Prompt:
Print exactly the lines from the one that contains "Het profiel van" through the last line of the material, both included, and leave out all pictures.

Recorded data:
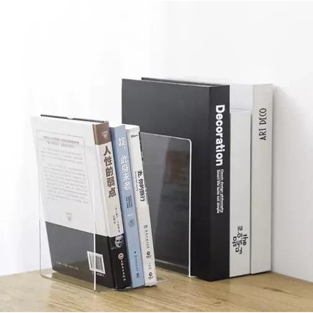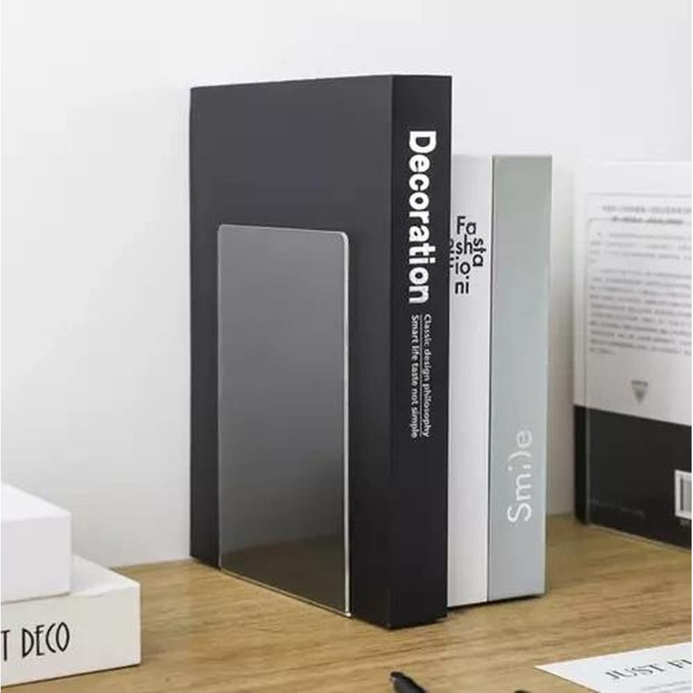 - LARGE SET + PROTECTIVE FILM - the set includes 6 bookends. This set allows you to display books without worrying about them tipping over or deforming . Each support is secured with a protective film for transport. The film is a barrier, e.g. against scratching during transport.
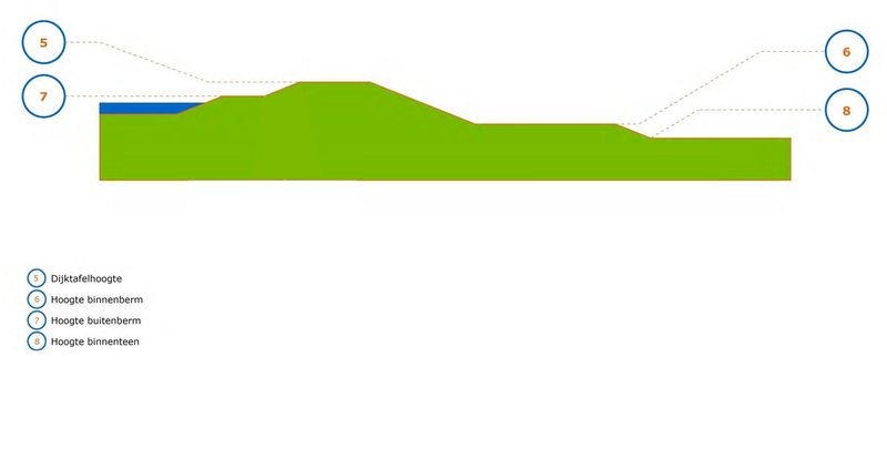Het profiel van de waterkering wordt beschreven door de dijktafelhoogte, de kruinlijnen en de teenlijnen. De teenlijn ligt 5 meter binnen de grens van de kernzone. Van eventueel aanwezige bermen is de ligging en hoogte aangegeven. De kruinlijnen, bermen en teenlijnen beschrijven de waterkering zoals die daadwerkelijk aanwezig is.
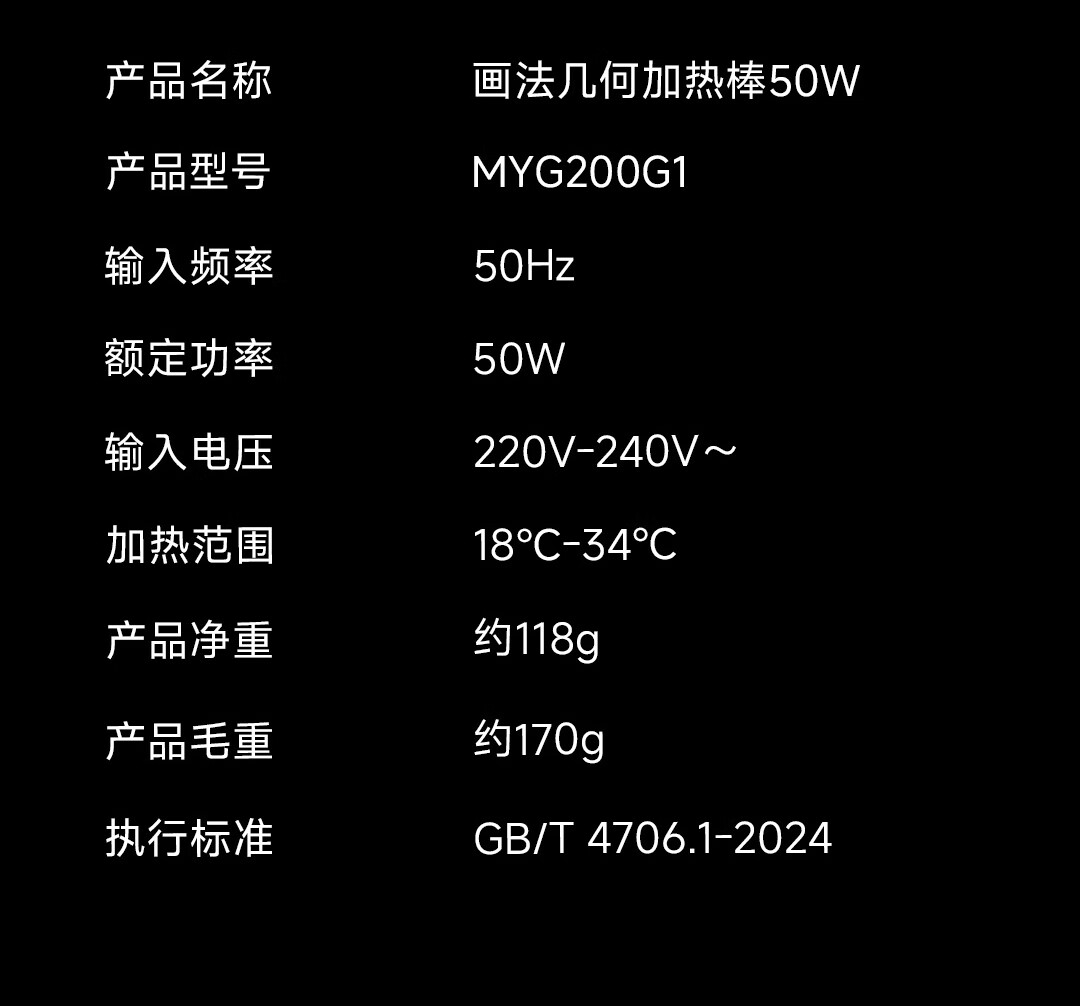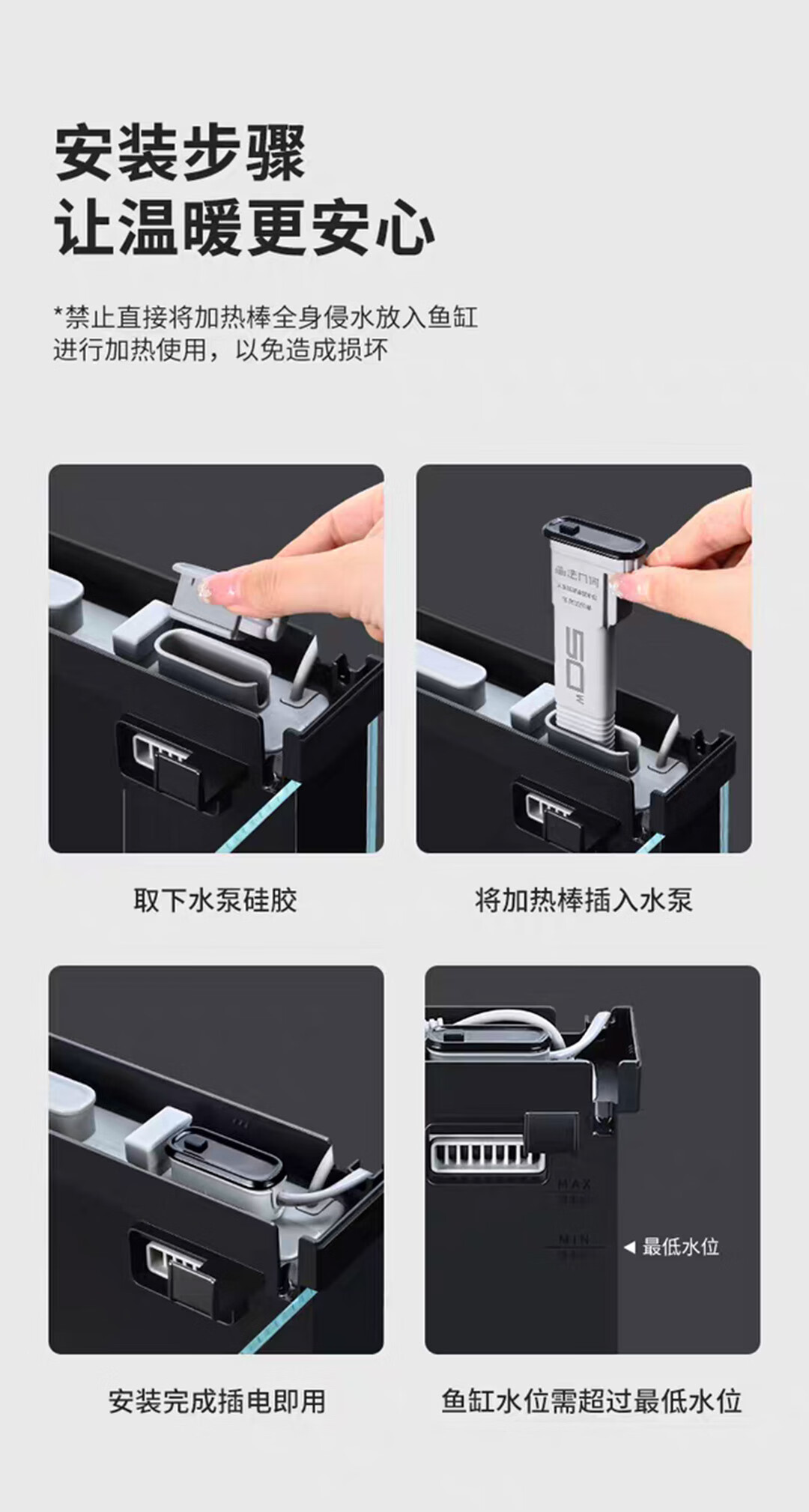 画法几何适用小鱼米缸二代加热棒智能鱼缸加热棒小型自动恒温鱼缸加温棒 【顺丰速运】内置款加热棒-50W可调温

Written answer:
Het profiel van de waterkering wordt beschreven door de dijktafelhoogte, de kruinlijnen en de teenlijnen. De teenlijn ligt 5 meter binnen de grens van de kernzone. Van eventueel aanwezige bermen is de ligging en hoogte aangegeven. De kruinlijnen, bermen en teenlijnen beschrijven de waterkering zoals die daadwerkelijk aanwezig is.
 画法几何适用小鱼米缸二代加热棒智能鱼缸加热棒小型自动恒温鱼缸加温棒 【顺丰速运】内置款加热棒-50W可调温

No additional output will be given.